When a system call fork is called to create a process, the child process only completely copies the resources of the parent process. In this way, the child process is independent
The parent process has good concurrency, but communication between the two needs to be implemented through a dedicated communication mechanism, such as pipe, FIFO, System V
In addition, it is costly to create a sub-process through fork. You need to copy each of the resources described above. This way
It seems that fork is a system call with a very high overhead. These overhead are not required in all situations, for example, a process fork outputs
After a sub-process, its sub-process only needs to call exec to execute another execution file.
It is a redundant process (because the copy-on-write technology is adopted in Linux, the work of this step is just a virtual storage
Manage part of the replication and page table creation, but does not include physical and physical copies). In addition, sometimes a process has several independent
In the same address space, there is basically no conflict between the computing units, but in order to assign these computing units to different processing
You need to create several sub-processes, and then each sub-process calculates the computing results through a certain inter-process communication and synchronization mechanism.
Summary, this often has a lot of extra overhead, and this overhead is sometimes enough to offset the benefits of parallel computing.
This shows that the abstraction of computing units into processes is inadequate, which is why threads are introduced in many systems. In
The following describes how to call a vfork system. A vfork system call is different from a fork system call. The sharing address of the sub-process created by vfork is empty.
That is to say, the child process runs completely in the address space of the parent process, and the child process modifies any data in the virtual address space to the parent process.
Cheng siwyg. However, after a child process is created using vfork, the parent process is blocked until the child process calls exec or exit. The advantage is that
After a program is created, it is only used to call exec to execute another program because it does not reference the address space of the parent process.
The replication of address space is redundant. vfork can reduce unnecessary overhead.
In Linux, both fork and vfork call the same core function.
Do_fork (unsigned long clone_flag, unsigned long USP, struct pt_regs)
Clone_flag includes clone_vm, clone_fs, clone_files, clone_sighand, clone_pid, clone_vfork
And so on. If any bit is set to 1, the created sub-process and the parent process share the resource corresponding to this bit. Therefore, in the implementation of vfork
, Cloneflags = clone_vfork | clone_vm | sigchld, which indicates that the child process and the parent process share the address space.
Do_fork checks clone_vfork. If this bit is set to 1, the child process locks the address space of the parent process until the child process exits or
The lock is released only when exec is executed.
Some concepts of threads are briefly introduced before calling the clone system.
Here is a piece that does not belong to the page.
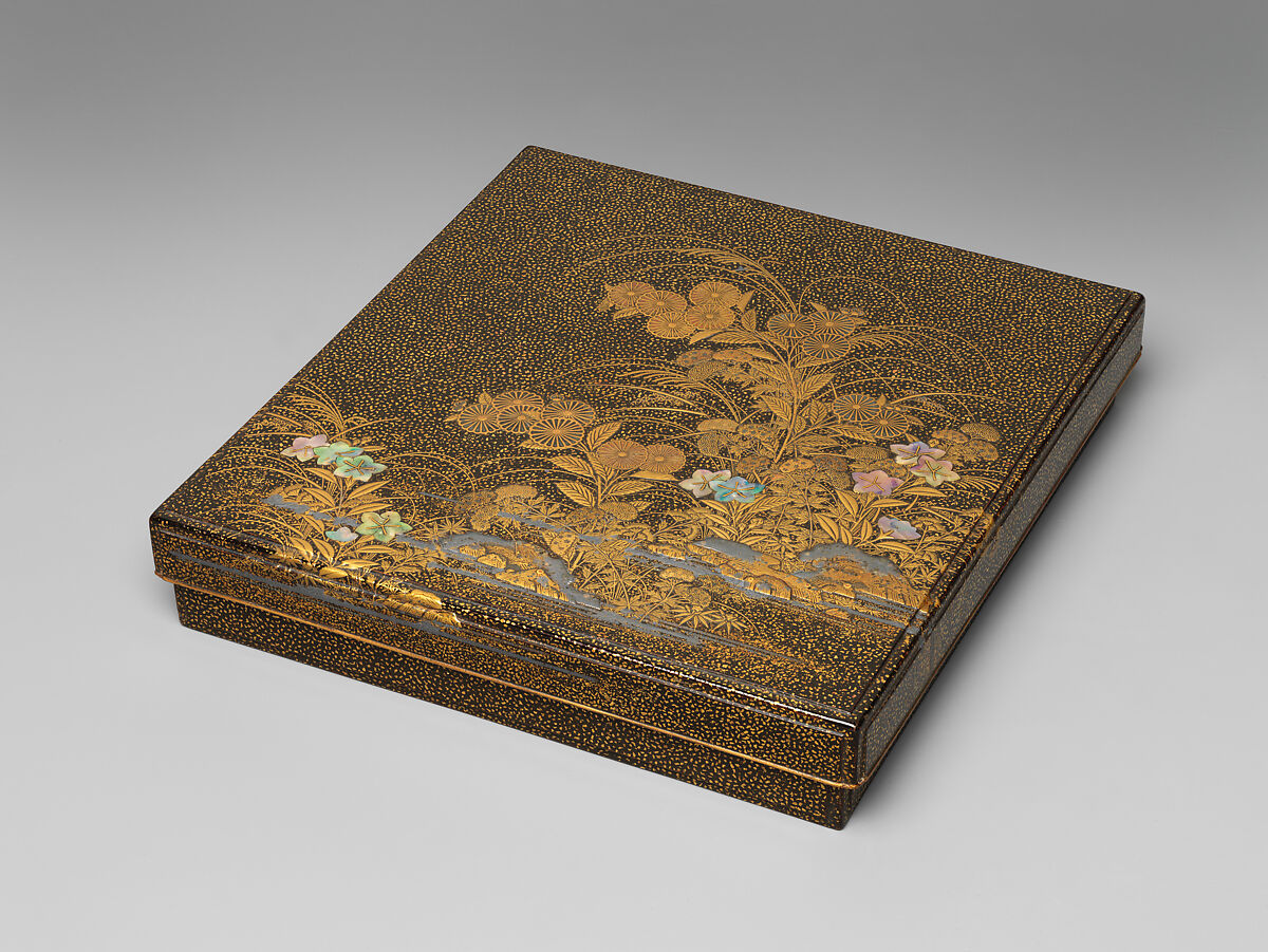 - Medium: Lacquered wood with gold, silver takamaki-e, hiramaki-e, togidashimaki-e, cut-out gold and silver foil application, mother-of-pearl inlay

A thread is further abstracted based on a process. That is to say, a process is divided into two parts: a thread set and a resource set. Thread
It is a dynamic object in a process. It should be a group of independent command streams, and all threads in the process will share resources in the process. But line
Programs should have their own private objects, such as program counters, stacks, and register context.
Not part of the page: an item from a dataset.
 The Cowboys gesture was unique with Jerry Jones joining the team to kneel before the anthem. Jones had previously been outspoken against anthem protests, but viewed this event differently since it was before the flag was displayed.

There are three types of threads:
Kernel thread, lightweight process, and user thread.
Kernel thread:
Its creation and revocation are determined by the internal requirements of the kernel and are used to execute a specified function, which is not required by a kernel thread.
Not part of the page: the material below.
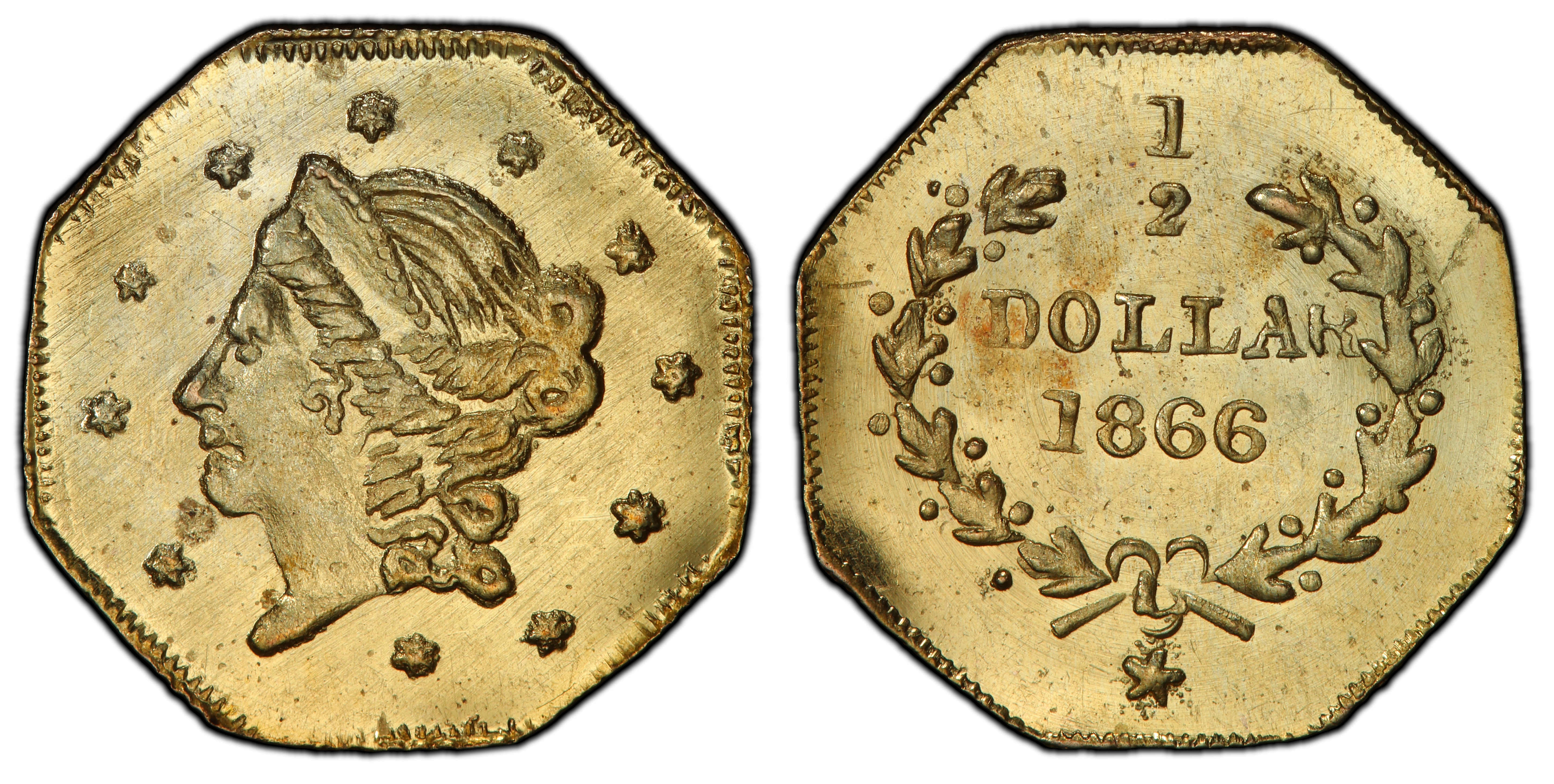 The 1866 Octagonal Liberty Head 50 Cents, cataloged as Breen-Gillio 903, is a quintessential artifact from the second period of California's private gold coining era. The initial California Gold Rush of 1849 created an immediate and severe shortage of small-denomination coinage for everyday transactions. While the San Francisco Mint began operations in 1854, it focused on larger denominations, leaving a commercial vacuum that private minters, often jewelers, rushed to fill. Early fractional gold pieces from 1852-1856 closely mimicked federal designs and were intended to circulate widely. However, the U.S. government's Coinage Act of 1864 officially outlawed private coinage, fundamentally changing the nature of these pieces. The BG-903, struck two years after this act, belongs to a fascinating 'Period Two' (1859-1882) of production. During this time, the pieces became lighter and their legal status ambiguous. They were no longer true circulating currency in the legal sense but continued to be produced and used, often as souvenirs, keepsakes for tourists, or perhaps as novelties in isolated local economies where federal coinage remained scarce. The minters, like Frontier & Co., operated in a grey area of the law. These 'jeweler's issues' were typically made with less precision than official coinage, often by the 'hammer method' where dies were struck manually, resulting in significant variations in strike quality. The BG-903's octagonal shape and Liberty Head design were classic motifs intended to evoke a sense of legitimacy and connection to the national currency. Despite their technically illegal status, their continued production speaks to a persistent demand and the independent spirit of the American West. Today, these tiny gold pieces are not just numismatic rarities but tangible links to the post-Gold Rush economic landscape of California, representing the transition from a frontier economy to a more integrated part of the nation.

And a user process. It shares the global data of the kernel's body segment and has its own kernel stack. It can be separately scheduled
In addition, the standard kernel synchronization mechanism can be allocated separately to a single processor for running. Kernel thread scheduling is not required
Therefore, context switching between kernel threads is much faster than Context switching between processes.
Lightweight Process:
A lightweight process is a core user thread that supports multiple threads in a single process. These lightweight processes are independently
Can run on multiple processors, each lightweight process is bound to a kernel thread, and its lifecycle
This binding is valid. Lightweight processes are independently scheduled and share the address space and other resources in the process, but each lwp should
You should have your own program counters, Register sets, core stacks, and user stacks.
User thread:
The user thread is implemented through the thread library. They can be created, released, and managed without kernel involvement. The thread Library provides synchronization and
Scheduling Method. In this way, the process can use a large number of threads without consuming kernel resources, and saves a lot of system overhead. User thread
It is possible because the context of the user thread can be saved and restored without kernel intervention. Each user thread can have its own
User stack, a memory zone used to save user-level register context and status information such as signal shielding. Library saves the current
The thread stack and register content are loaded into the content of the new scheduling thread to implement scheduling and context switching between user threads.
The kernel is still responsible for process switching because only the kernel has the right to modify memory management registers. User threads are not really scheduled
Entities, the kernel does not know anything about them, but only schedules processes or lightweight processes under the user thread. These processes are then passed through the thread library function.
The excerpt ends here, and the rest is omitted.